Yesterday Iberdrola began the first tests for the improvement and optimization of the pumped storage plant called Santiago Sil-Xaresin the municipality of Vilamartín de Valdeorras (Orense), where it plans to start up at the end of the year, “at full capacity”, of a gigabyte of excess energy storage.

As the company reported in a statement yesterday, these types of installations, known as gigabatteries, “are essential to advancing decarbonization and constitute the large-scale storage system.” more efficient which currently exists.

The first tests have already started and it is estimated that they will reach full capacity by the end of the year, with the hybridization of the five megawatt hour battery.
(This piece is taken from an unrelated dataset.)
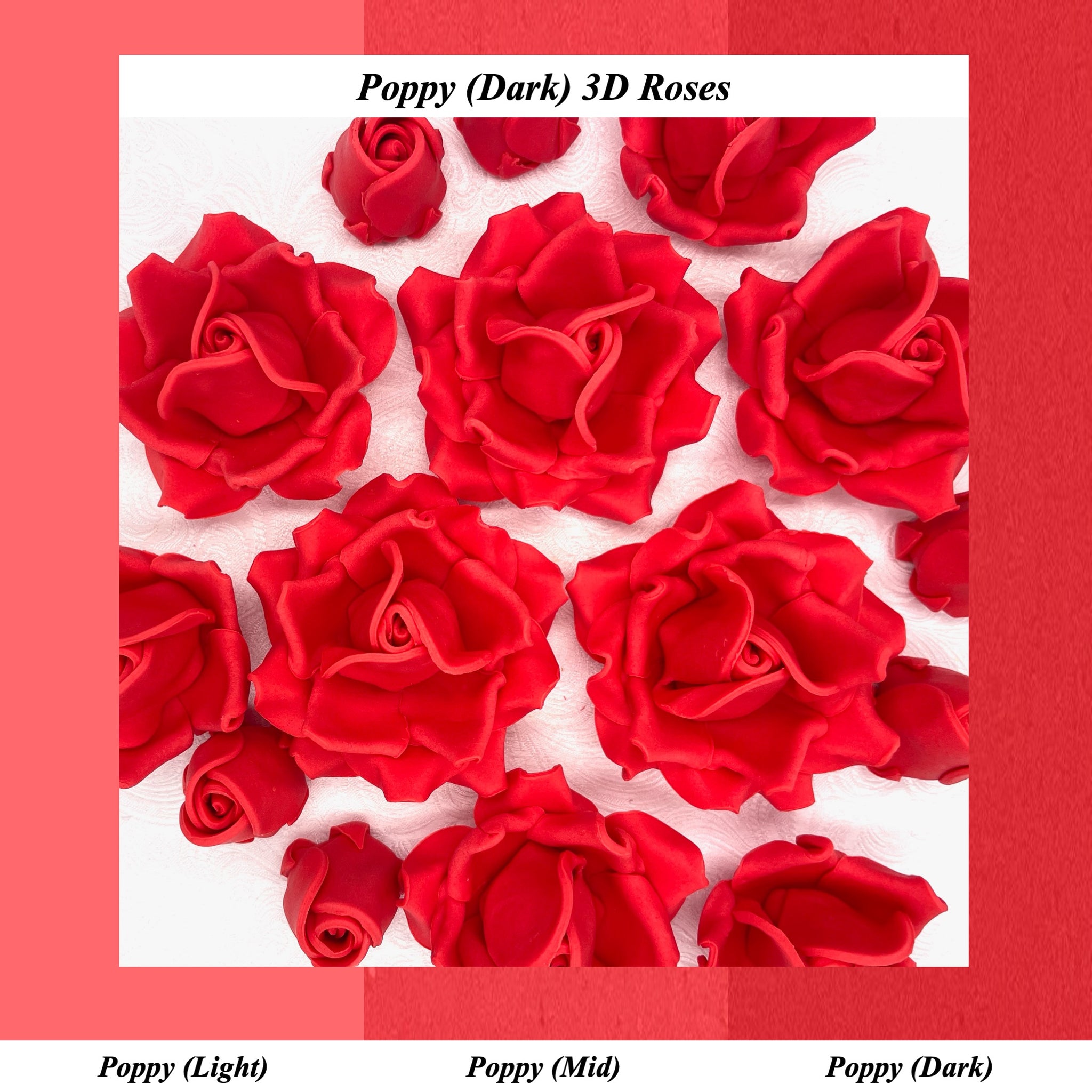 This listing features Non-Wired 3D Roses in the shades Poppy (Light), Poppy (Mid) or Poppy (Dark).

Thus, Iberdrola installed a static starter which, combined with a five megawatt hour battery, will allow the current hydroelectric pumping between the two riverswhich have a slope of 230 meters, 50 megawatts of power and a storage capacity of almost three gigawatts per hour, they said.

Pumping makes it possible to accumulate surplus energy from non-manageable renewable sources, solar and wind, to have it available when it is most needed. In this way, “it provides stability of the electrical systembecause it makes it possible to generate significant quantities of clean energy with a very fast response time,” the company said in the press release.

Installation with more than 50 years

This hydroelectric power station located on the Sil River, with an average production of 100 GWh/year, came into service more than fifty years ago. He has four hydroelectric groups: two of them of the fluid type, called Santiago-Sil, with a power of 14 MW and a flow rate of 160 m3/s, and two others of the reversible Francis type, Santiago-Xares, with a capacity of pumped storage with 50 MW of power and a flow rate of 18 m3/s. In total, they supply more than a million homes, according to Iberdrola.

The pumping stations have two tanks at different heights which allow transport water from one to another in times of lower demand to benefit again when electricity consumption increases.